I'm using following definitions: On the set $\mathbb{N}\times\mathbb{N}$ we define an equivalence relation $\sim$ for all $(a,b)\in\mathbb{N}\times\mathbb{N}$ and $(c,d)\in\mathbb{N}\times\mathbb{N}$ as \begin{align*}\tag{I} (a,b)\sim (c,d):\Leftrightarrow a+d=b+c \end{align*} The set of integers $\mathbb{Z}$ is then defined as \begin{align*} \mathbb{Z}:=\{[(a,b)]_{\sim}\mid (a,b)\in\mathbb{N}\times\mathbb{N}\}, \end{align*} where $[(a,b)]_{\sim}$ denotes the equivalence class of $(a,b)$, which is defined as \begin{align*}\tag{II} [(a,b)]_{\sim}=\{(c,d)\in\mathbb{N}\times\mathbb{N}\mid (a,b)\sim (c,d)\}. \end{align*}
For convenience I will write $[(a,b)]$ instead of $[(a,b)]_{\sim}$.

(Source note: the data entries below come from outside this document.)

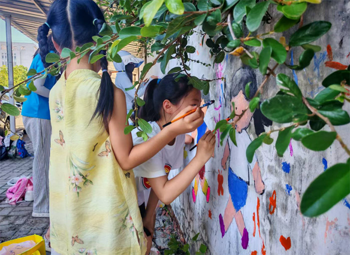 午后的墻繪體驗(yàn)更添熱鬧。小家伙們蘸著顏料,在墻上印下胖乎乎的手印,有的像小樹(shù)苗,有的像花朵;洗干凈手后,又踮著腳給提前畫好的小人兒添上笑臉,給草叢畫上蝴蝶——翅尖沾著薔薇粉,翅膀點(diǎn)滿金粉,仿佛剛從村口的花叢里飛來(lái)。隊(duì)員們?cè)谝慌孕扪a(bǔ)細(xì)節(jié),看孩子們的創(chuàng)意如藤蔓般在墻面上生長(zhǎng),忽然明白:鄉(xiāng)村的未來(lái),本就該這樣充滿想象。
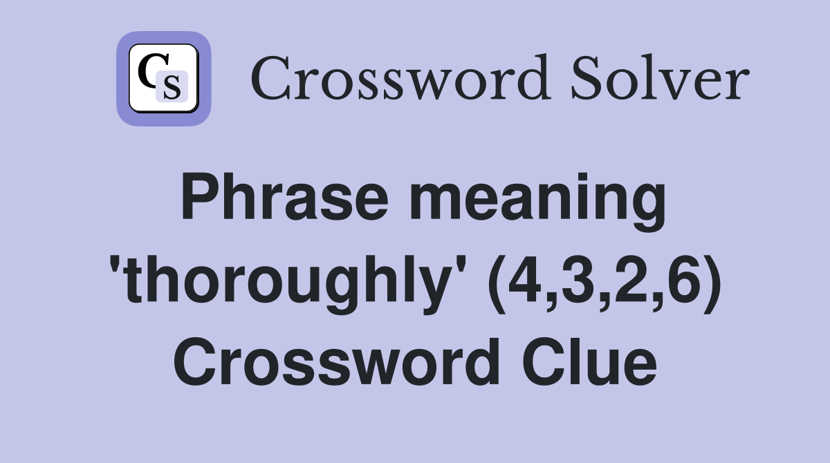 Phrase meaning #39 thoroughly #39 (4 3 2 6) Crossword Clue Answers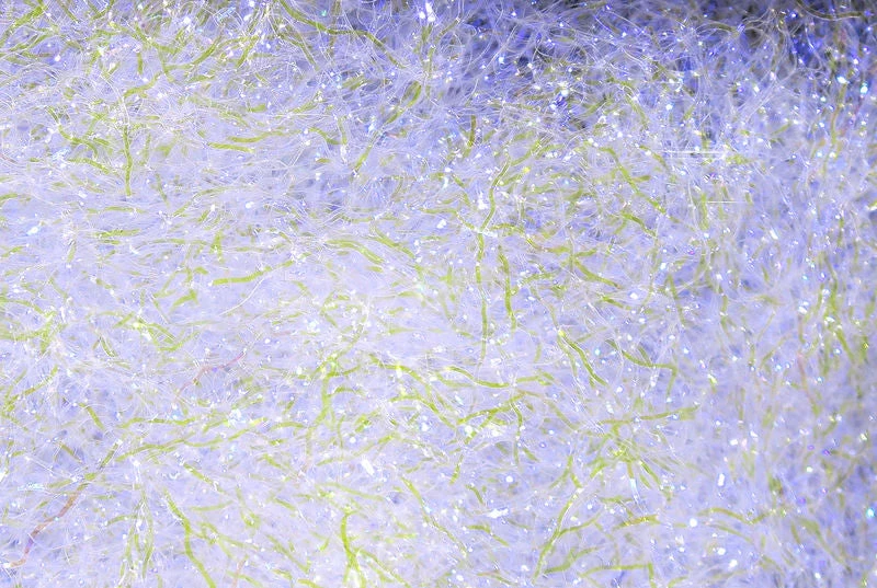 Hareline Ice Dubbing is arguably the most popular dubbing in fly tying. It dubs easily and the added flash will entice more strikes. The UV options give the sheen a purple hue and lights up your fly.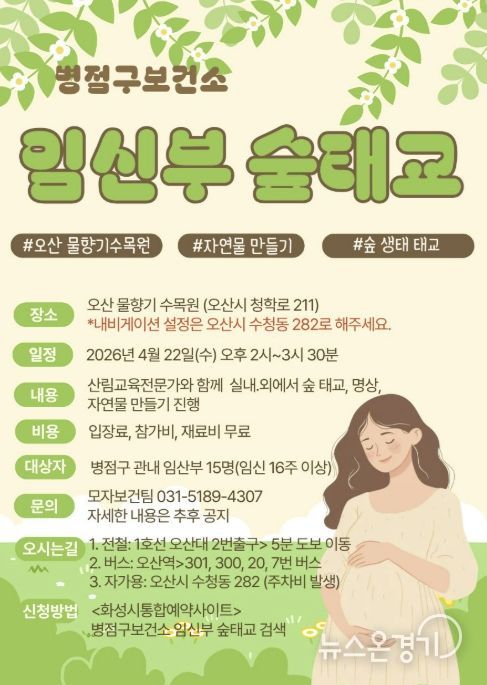 뉴스온경기 | 화성특례시 병점구보건소는 임신부의 정서적 안정과 건강한 출산을 지원하기 위해 오는 22일 ‘임신부 숲태교 프로그램’을 운영한다고 밝혔다.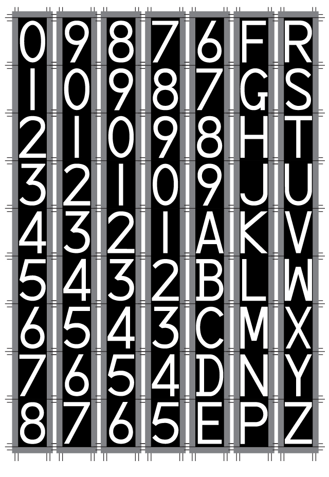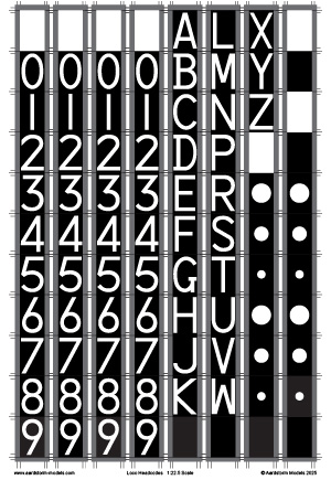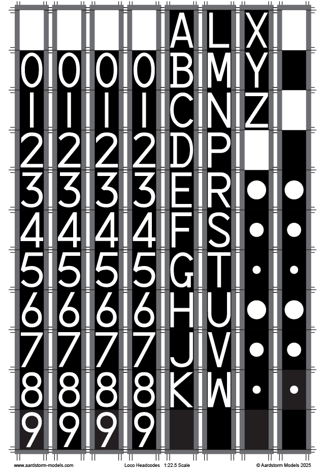 The shapes of the numbers and most of the letters are taken from photographs of real headcodes. The letters I, O, and Q are omitted from the sets, because of potential confusion with the numbers 1 and 0. I have also included some letters for which I have no photographic evidence: R, U, W, and Y. Their shapes therefore may not be accurate, and they may not have been included in the real headcode sets anyway.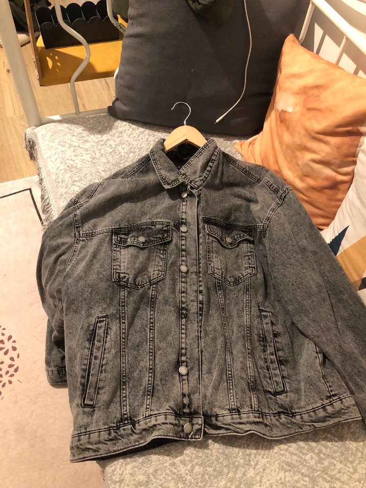 Gri renkli, düğmeli, uzun kollu ve bol kesim kadın denim ceket. İki göğüs cebine sahip, günlük sokak modasına uygun bir parça.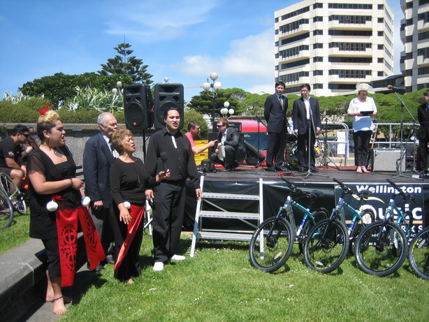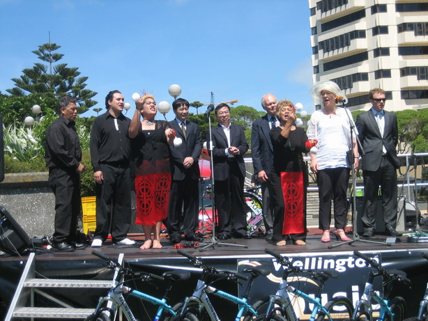 仪式宣布开始首先由当地毛利人艺术家为所捐赠的自行车作吉祥祈福仪式。接下来分别由西莉娅・布朗市长致感谢辞和北京市人大常委会主任杜德印发表讲话,最后由中国驻新西兰大使徐建国发表演讲。在他们讲话中间都穿插了毛利人的歌唱与舞蹈。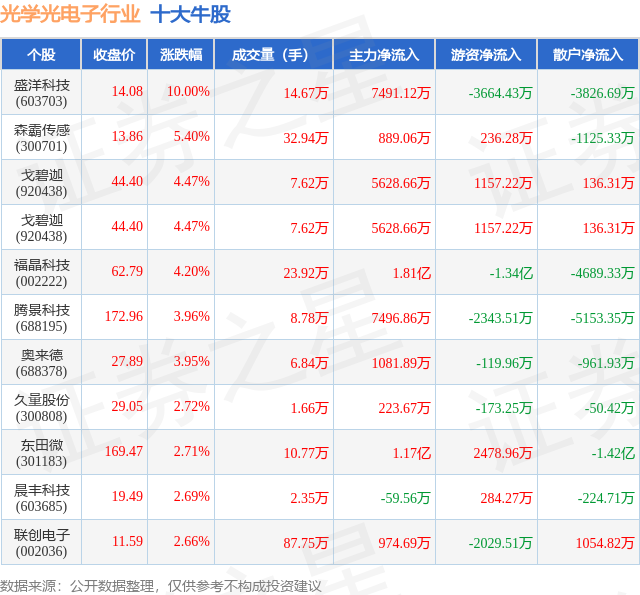 个股表现方面,光学光电子行业当日领涨股为盛洋科技(603703),该股当日报收14.08,上涨10.0%,成交量14.67万,主力资金净流入7491.12万元。森霸传感(300701)以上涨5.4%紧随其后,该股当日成交量32.94万,主力资金净流入889.06万元。除此之外,戈碧迦(920438)、戈碧迦(920438)、福晶科技(002222)均进入当日牛股之列。具体个股列表见下表: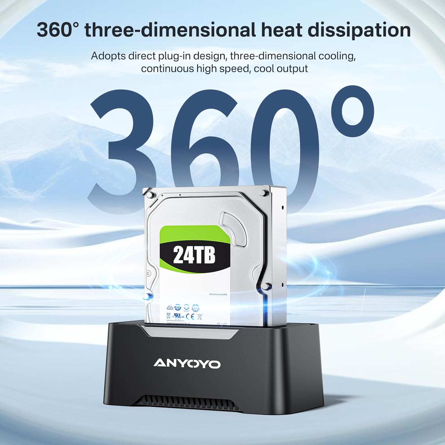 - 【Simple Plug & Play】The vertical design enclosure makes you easily insert and use a hard drive disk without any tools.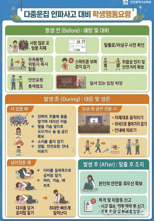 시교육청 관계자는 "학생들의 안전이 무엇보다 최우선"이라며 "경찰청 등 유관기관과 협력해 대규모 인파 밀집 등 다양한 위기 상황에 선제적으로 대응하고 사고 예방에 최선을 다하겠다"고 말했다.

Addition $+$ and multiplication $\cdot$ on the set $\mathbb{Z}$ are defined as \begin{align*}\tag{III} [(a,b)]+[(c,d)]:=[(a+c,b+d)] \end{align*} and \begin{align*}\tag{IV} [(a,b)]\cdot [(c,d)]:=[(ac+bd,ad+bc)]. \end{align*}
I've already proved that addition on $\mathbb{Z}$ is well-defined. However, I'm struggling to do the same for multiplication.
Let \begin{align*} [(a,b)]&=[(x,y)] \\ [(c,d)]&=[(z,w)]. \end{align*}
Then we have \begin{align*}\tag{Va} (a,b)\sim(x,y)&:\Leftrightarrow a+y=b+x \\ \tag{Vb} (c,d)\sim(z,w)&:\Leftrightarrow c+w=d+z. \end{align*}
We have to show that \begin{align*} [(a,b)]\cdot [(c,d)]=[(x,y)]\cdot [(z,w)] \end{align*} holds. Using $(IV)$ this turns into \begin{align*} [(ac+bd,ad+bc)]=[(xz+yw,xw+yz)] \end{align*} and by $(II)$ we then have \begin{align*} (ac+bd,ad+bc)\sim (xz+yw,xw+yz) \end{align*} Using $(I)$ this is equivalent to \begin{align*}\tag{VI} (ac+bd)+(xw+yz)=(ad+bc)+(xz+yw). \end{align*}
So I have to find a way to get from equations $(Va)$ and $(Vb)$ to $(VI)$.